---- Records shown

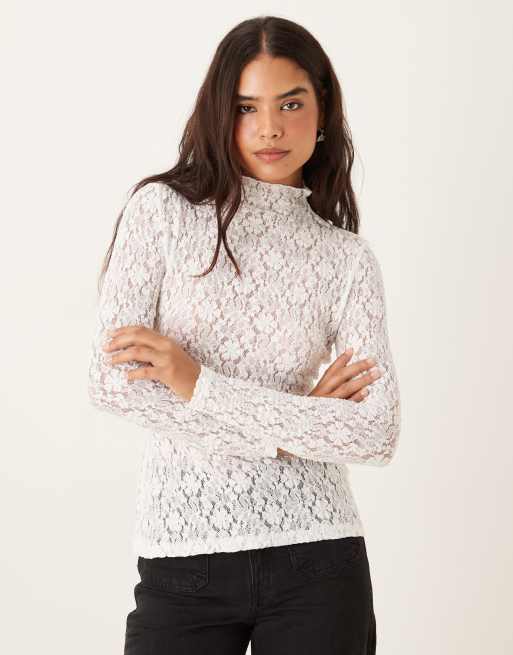 Ghospell high neck lace long sleeve top in white
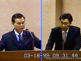女婿臺(tái)當(dāng)局“新聞局長(zhǎng)”江啟臣(右)接受岳父民代劉盛良(左)的質(zhì)詢。 來(lái)源臺(tái)灣“今日新聞網(wǎng)”
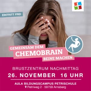 Im Fokus steht diesmal das Motto „Gemeinsam dem Chemobrain Beine machen!“ Denn eine Chemotherapie kann unter Umständen Auswirkungen auf die kognitiven Fähigkeiten haben. Die Gedächtnistrainerin Susanne Ducrée-Schütte wird unterstützende Übungen vorstellen, die im Alltag helfen können beispielsweise Wortfindungsprobleme oder die kleinen, vergesslichen Momente zu durchbrechen und somit das Selbstbewusstsein zu stärken. Sie gibt wertvolle Tipps und vermittelt interessante Informationen, wie Betroffene ihr Gedächtnis sanft trainieren und ihre kognitiven Fähigkeiten stabilisieren können.
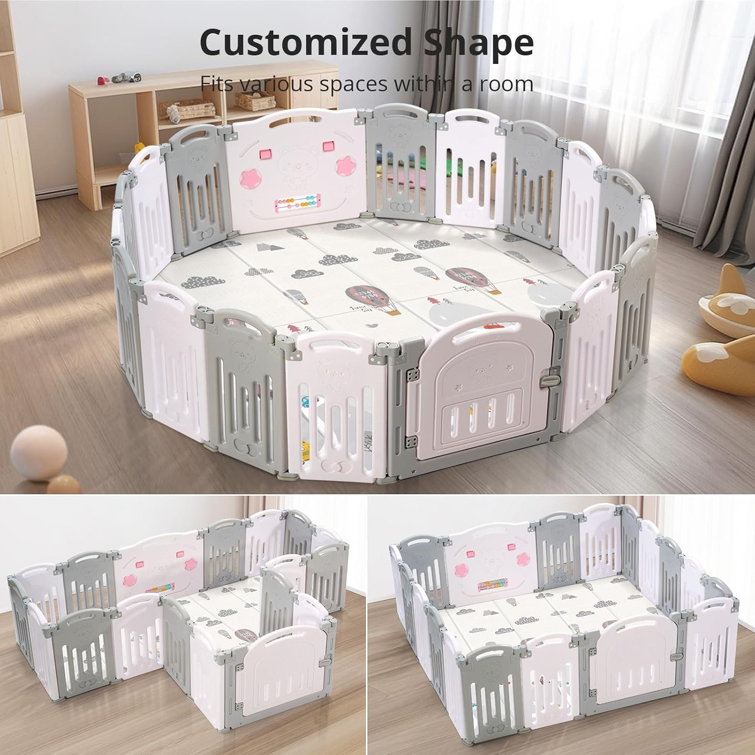 Uanlauo Baby Playpen, 18 Panel Foldable Play Yard for Toddlers, Easy Assemble Safety Baby Fence (Grey+White)
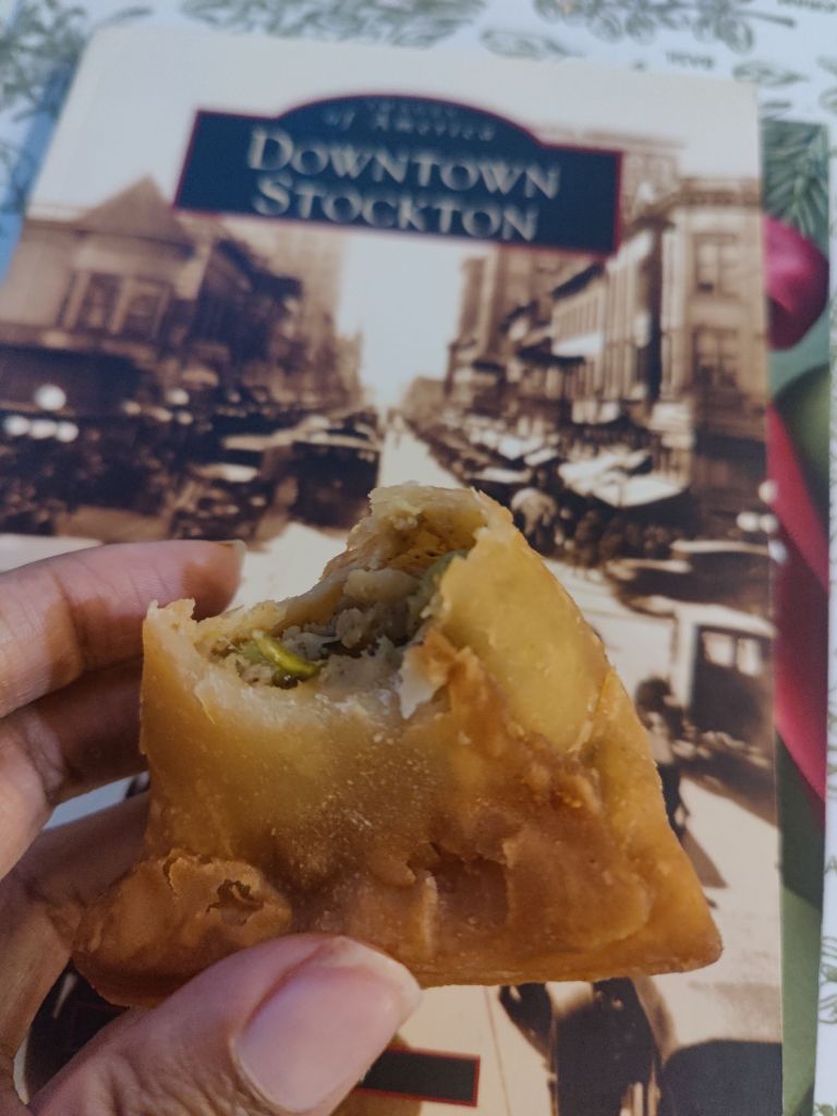This samosa consists of green peas and potatoes. Samosas are essentially a pastry with sweet or savory fillings.
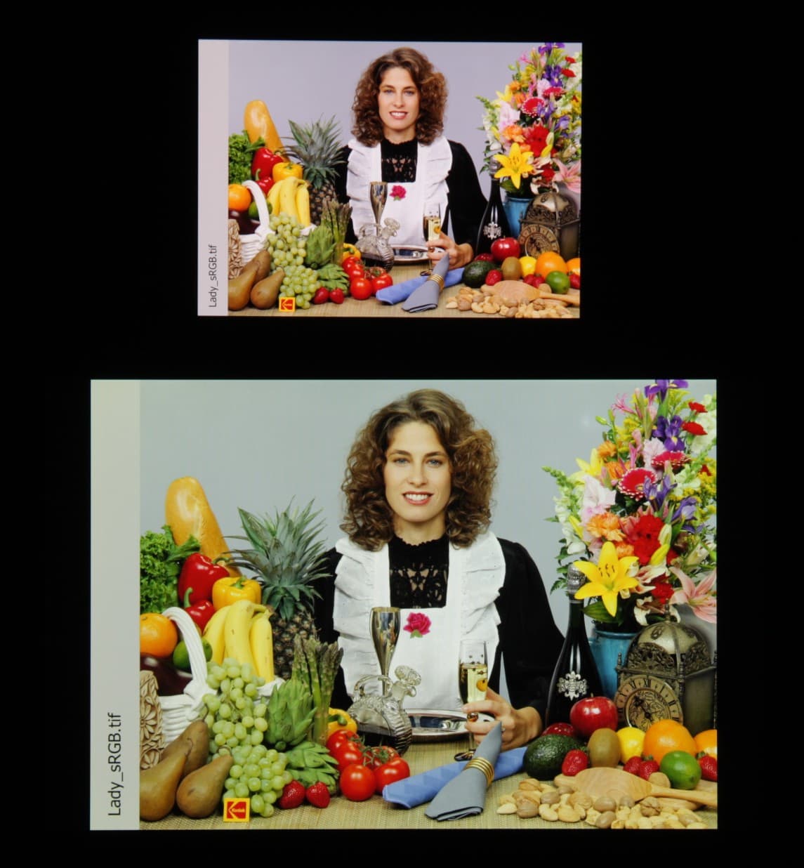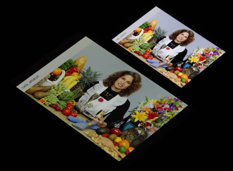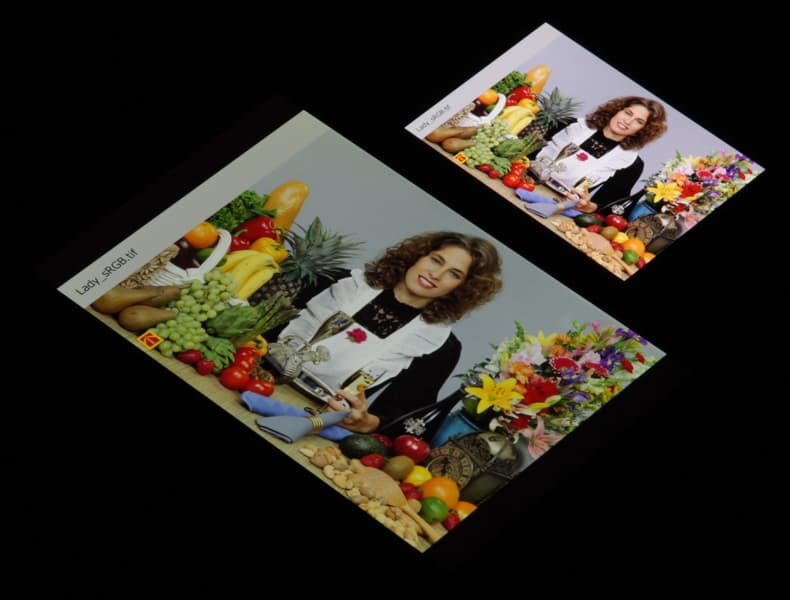 Это относится к тем изображениям, в которых прописан профиль sRGB или не прописано вообще никакого профиля. Однако родным для современных топовых устройств Apple является цветовое пространство Display P3 с немного более насыщенными зеленым и красным цветами. Пространство Display P3 основано на SMPTE DCI-P3, но имеет точку белого D65 и гамма-кривую с показателем примерно 2,2. Кроме того, производитель заявляет, что начиная с iOS 9.3 на системном уровне поддерживается управление цветом, это облегчает приложениям под iOS задачу правильно выводить на экран изображения с прописанным цветовым профилем. Действительно, дополнив тестовые изображения (файлы JPG и PNG) профилем Display P3, мы получили цветовой охват шире sRGB (вывод в Safari):
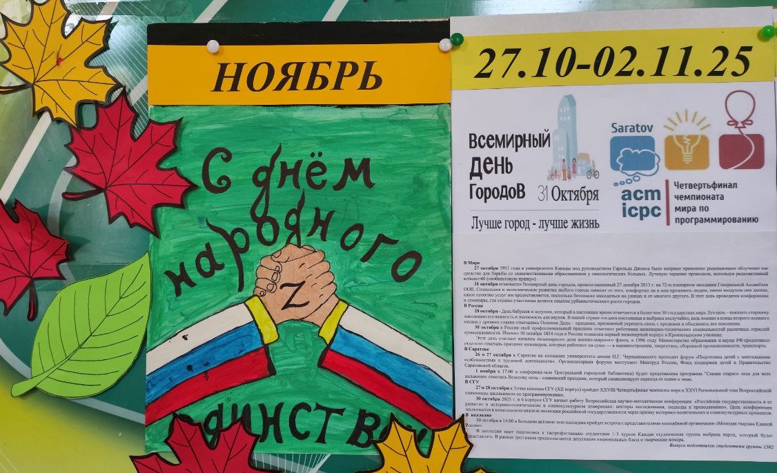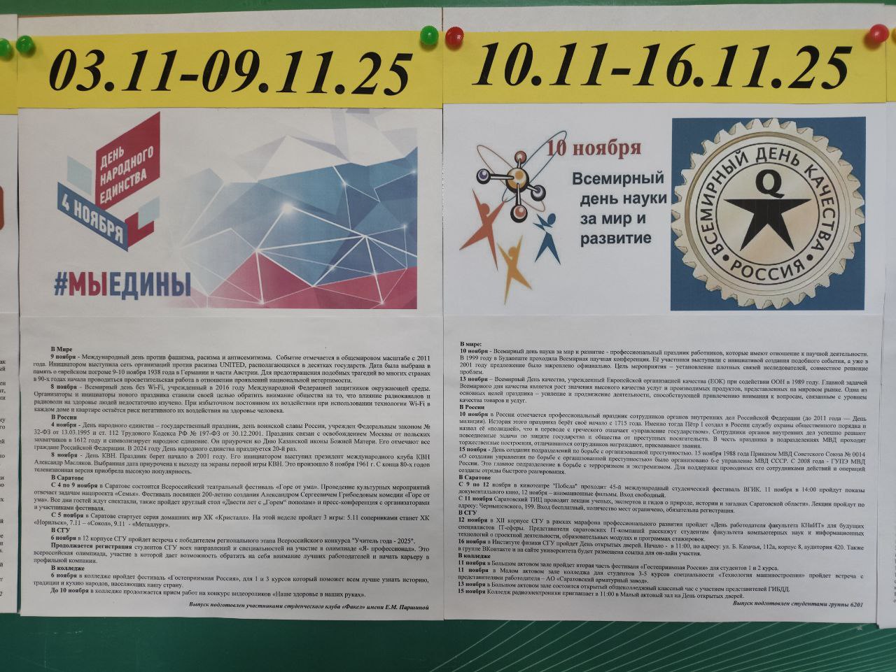Из еженедельных выпусков все узнали, когда отмечается Международный день против фашизма, Всемирный День информации и Международный день студентов. Отметили праздники России: День народного единства, день рождения КВН, профессиональные праздники. Из саратовских новостей самым интересно было узнать про студенческий фестиваль ВГИКи театральный фестиваль «Горе от ума», а также открытие Ботанического сада СГУ.

--------

* Exercise details: Give exactly those lines of the listing that run from its first line through the line with "This samosa consists", leaving each picture out.

* Expected answer:
 Ghospell high neck lace long sleeve top in white
女婿臺(tái)當(dāng)局“新聞局長(zhǎng)”江啟臣(右)接受岳父民代劉盛良(左)的質(zhì)詢。 來(lái)源臺(tái)灣“今日新聞網(wǎng)”
 Im Fokus steht diesmal das Motto „Gemeinsam dem Chemobrain Beine machen!“ Denn eine Chemotherapie kann unter Umständen Auswirkungen auf die kognitiven Fähigkeiten haben. Die Gedächtnistrainerin Susanne Ducrée-Schütte wird unterstützende Übungen vorstellen, die im Alltag helfen können beispielsweise Wortfindungsprobleme oder die kleinen, vergesslichen Momente zu durchbrechen und somit das Selbstbewusstsein zu stärken. Sie gibt wertvolle Tipps und vermittelt interessante Informationen, wie Betroffene ihr Gedächtnis sanft trainieren und ihre kognitiven Fähigkeiten stabilisieren können.
 Uanlauo Baby Playpen, 18 Panel Foldable Play Yard for Toddlers, Easy Assemble Safety Baby Fence (Grey+White)
This samosa consists of green peas and potatoes. Samosas are essentially a pastry with sweet or savory fillings.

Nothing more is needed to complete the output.